» Task item: What the response needs is every record, repeated verbatim, and no images.

» Given information:
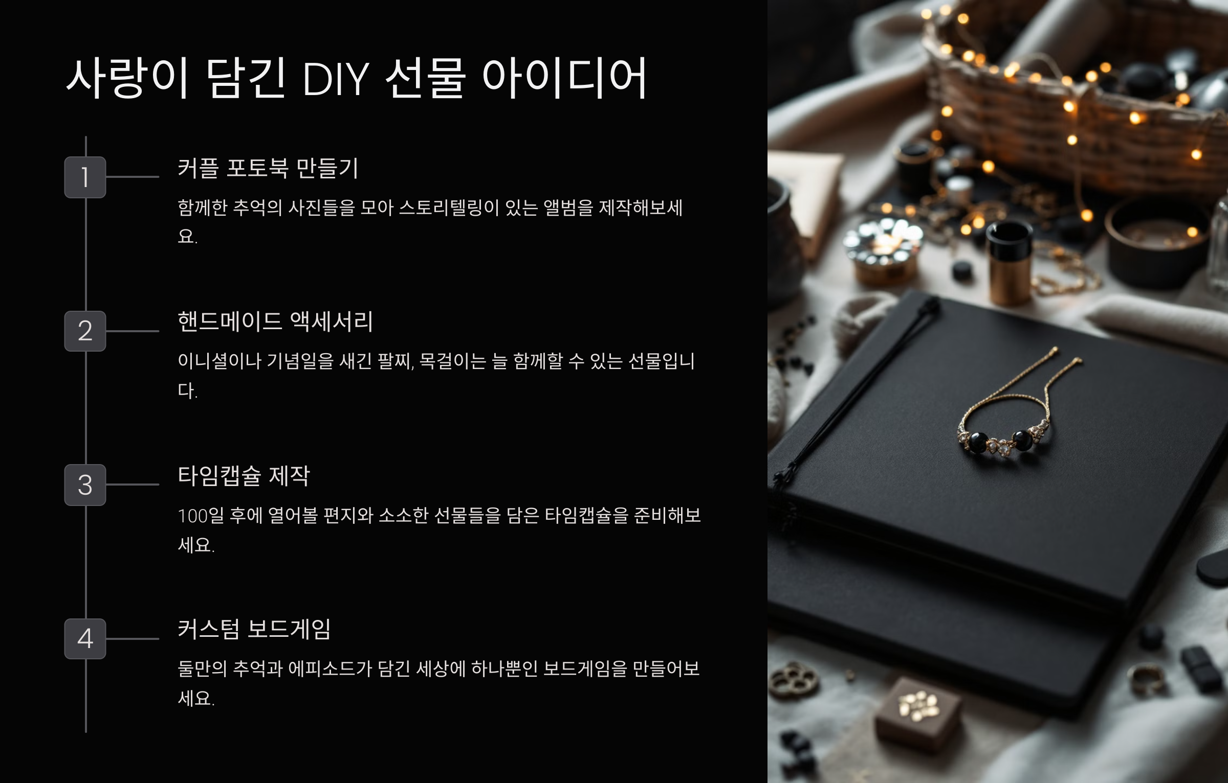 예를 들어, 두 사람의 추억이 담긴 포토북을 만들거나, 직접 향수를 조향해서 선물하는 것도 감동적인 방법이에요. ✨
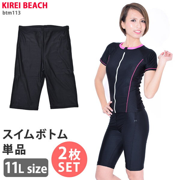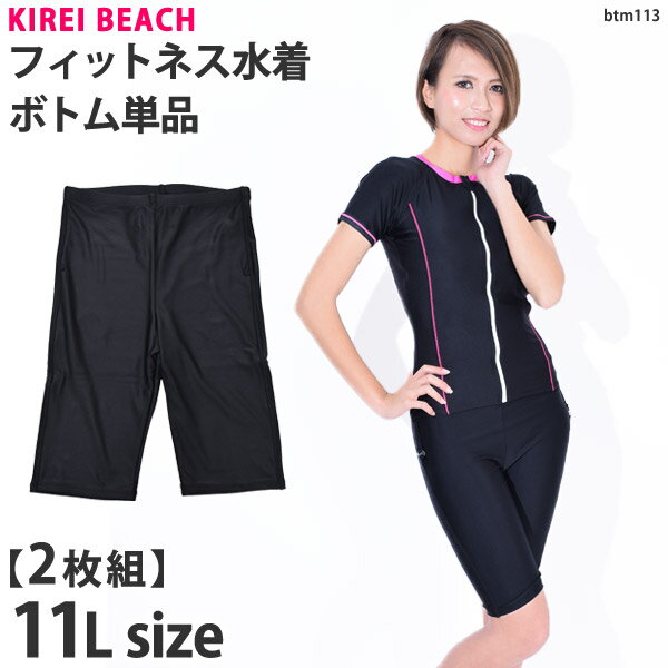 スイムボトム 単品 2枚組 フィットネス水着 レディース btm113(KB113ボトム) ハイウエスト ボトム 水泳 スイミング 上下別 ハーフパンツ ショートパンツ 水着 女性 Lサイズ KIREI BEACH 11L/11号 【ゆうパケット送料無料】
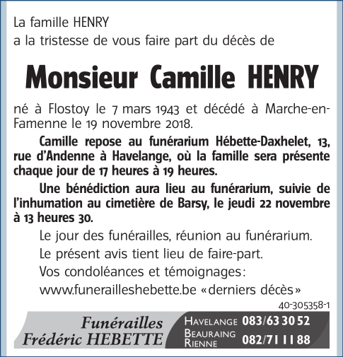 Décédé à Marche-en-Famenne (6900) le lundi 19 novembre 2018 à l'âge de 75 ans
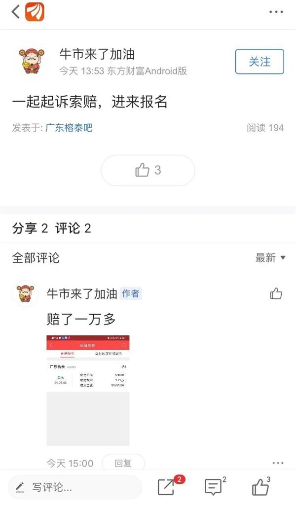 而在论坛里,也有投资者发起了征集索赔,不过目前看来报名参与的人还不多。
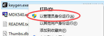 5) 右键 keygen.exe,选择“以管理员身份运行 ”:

» Solution to this exercise:
 예를 들어, 두 사람의 추억이 담긴 포토북을 만들거나, 직접 향수를 조향해서 선물하는 것도 감동적인 방법이에요. ✨
 スイムボトム 単品 2枚組 フィットネス水着 レディース btm113(KB113ボトム) ハイウエスト ボトム 水泳 スイミング 上下別 ハーフパンツ ショートパンツ 水着 女性 Lサイズ KIREI BEACH 11L/11号 【ゆうパケット送料無料】
 Décédé à Marche-en-Famenne (6900) le lundi 19 novembre 2018 à l'âge de 75 ans
 而在论坛里,也有投资者发起了征集索赔,不过目前看来报名参与的人还不多。
 5) 右键 keygen.exe,选择“以管理员身份运行 ”:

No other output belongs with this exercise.